The girl's eyes darted to the boy's saber in the mud by her side; her means of escape. She reached for it and the hilt leapt up from where it had fallen, igniting the red blade that extended to pierce her body. She gasped, eyes wide, and shuddered.

"Aran..." she exhaled, her face slackening, body becoming limp. The saber deactivated and fell to the ground.

"No!" the word burst out of Rey unbidden, shock on her face for a pained second before it turned to anguish and anger. The girl's body lifted from the mud, hanging limp, suspended in the rain, her face white and small and peaceful above the billowing dirty black folds of her cloaks. The dark Jedi reached out at her, despair turning to anger, turning to a fury that came as easily as it ever had despite all her efforts to tame it. The body twisted, a cracking, popping sound coming from within as Rey cried a roar of rage and so many failures, so many disappointments.

"Rey!" Finn called.

Streams of droplets of scarlet drifted upwards from the crushed body of the girl that hung in the night.

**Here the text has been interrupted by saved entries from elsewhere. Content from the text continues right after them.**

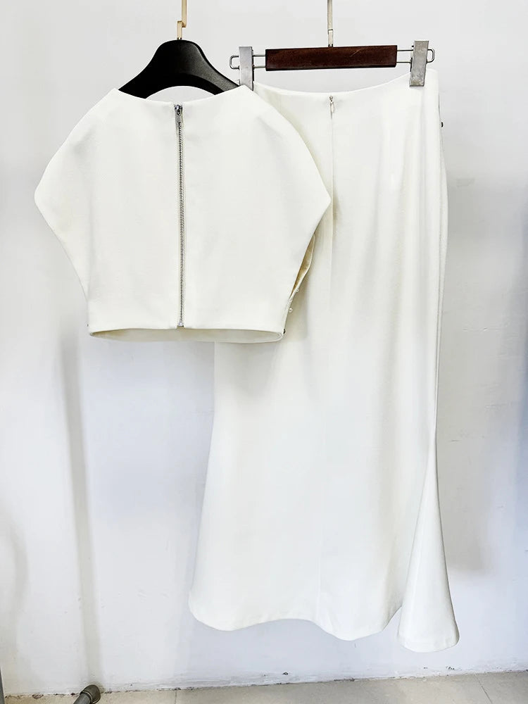 Make a breathtaking statement with the Trend4us Luxe Embellished Shell Appliqué Two-Piece Set, a stunning ensemble designed for those who appreciate artistry and sophistication. This elegant set features a structured crop top with a boat neckline and wide-cut sleeves, paired with a high-waisted maxi skirt. Both pieces are adorned with meticulously placed shell appliqués and crystal embellishments, creating a unique, ocean-inspired look.
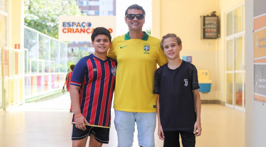 O paizão João Paulo Cardoso achou “excelente a manhã do Dia dos Pais”. Ele participou das atividades com os filhos Alexandre, do 7º ano do Ensino Fundamental (EF) e Fernando, do 4º ano EF. “Eram tantas as opções que não sabia o que era melhor fazer”, diz ele que gostou mais da parte dos jogos e brinquedos na quadra. “Foi tão bom que poderia ter sido mais tempo e, inclusive, sugiro avaliar colocar, no próximo ano, duas quadras para o futebol devido à grande procura”, completou.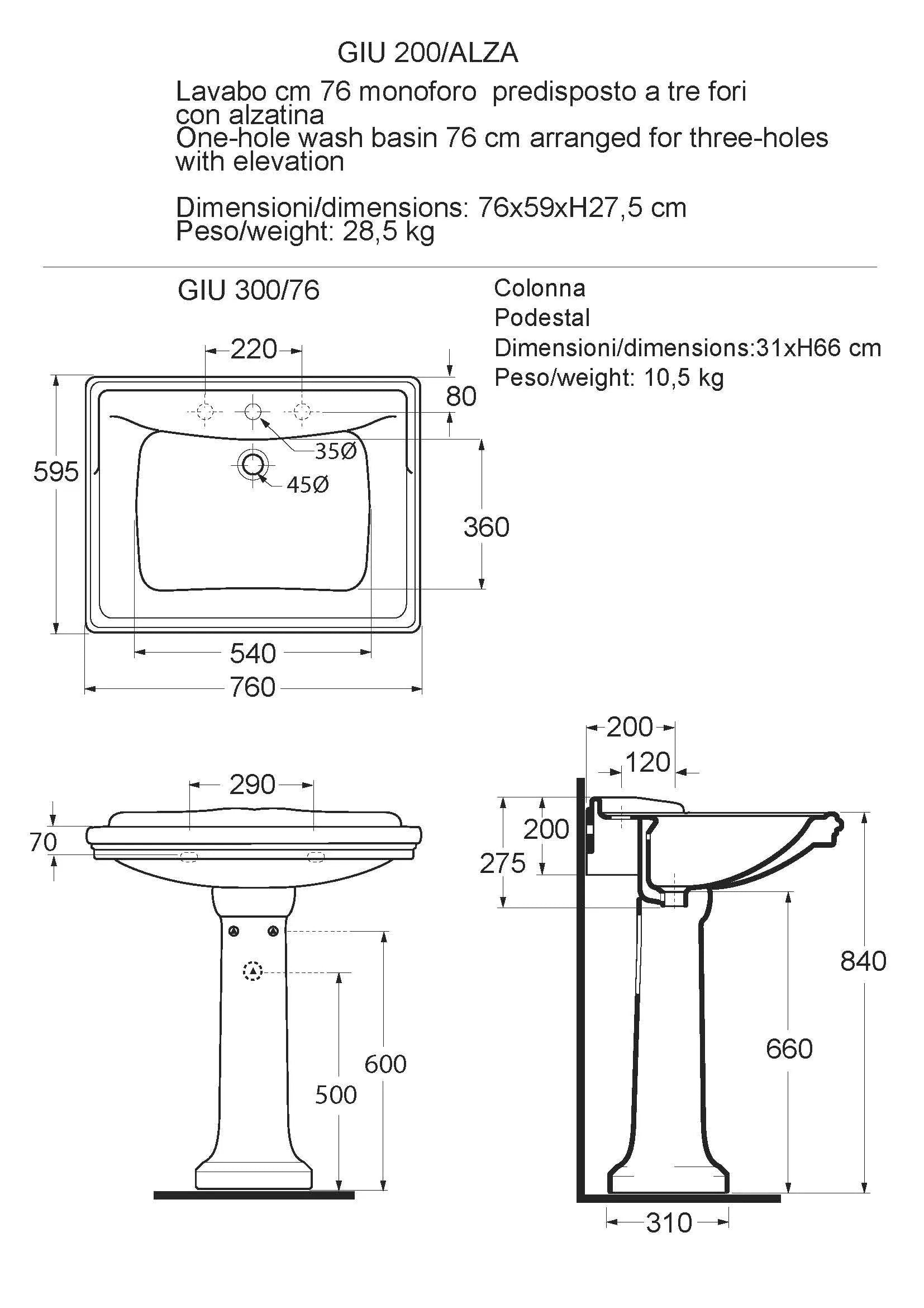 Azzurra - Lavabo Con Alzatina 76 Cm Porcellana Bianco - Serie: Giunone (Senza Colonna)

"Rey!" he screamed, though he didn't have the strength to spare. "What the fuck are you doing?" his voice breaking. He was so, so fucking done with watching her do this. He couldn't take it. He had to get away from this, away from her. It was unbearable. What had happened to the girl from Jakku that had flown to the stars with him?

Rey gasped, and the bundle of black rags, blood and bone that had been a girl dropped to the ground. She closed her eyes to leave the sight behind and lifted her face to the night sky and the rain, so it might wash away bitter tears, for them to join the rivers of raindrops in the mud to be taken far away, gone and forgotten, cleansed.

"Are there any more?" Finn called.

"Maybe. I don't know if I care," she replied, calm and quiet.

"Did you get it?"

"Yes. Kind of."

"Then let's get out of here, now."

"But there's always another one," she'd not heard him. "Another piece of the puzzle. Twenty thousand years of lore and secrets and mysteries broken into a million relics and gods knows what. The light and the dark. It never ends. It never fucking ends."

"Rey. I need to get back to the ship. Now."

Her gaze snapped to him, horror on her face. "You're hurt." She rushed over to where he was propped up against the broken pillar. "Shit. No, no..." she held her hand over the wound, eyes closed, focused, brow furrowed with effort, but the anguish still visible on her face.

Finn lay there, powerless to do anything but watch her distress turn to anger. "I knew it," she snapped. "When did this happen?"

"Right after we split. Ran into some guy with one of those vibro weapons. Got him though," he could feel the wound closing, strength returning.

"You were lucky, again," she said, "Finn, you can't do this anymore, I can't take..." she faltered, breathing deeply as the effort of the healing started to drain her.

Finn knew what she was going to say anyway. She'd as much as said it before. Why should the legendary Rey Skywalker have to waste time and effort taking care of hangers-on. Mere mortals just held her back.

She looked away, took back her hand and collected herself. "That should do it for now. Let's get you back to the ship."

Finn struggled to his feet as she put a helping arm around him. "Did I see an expensively stocked drinks cabinet on that thing?"

"You did," she sighed. "Free drinks for saviors of the galaxy, remember."

"In that case, mine's a large one." Finn stumbled slowly through the mud, as the rain fell on the dead and the living alike.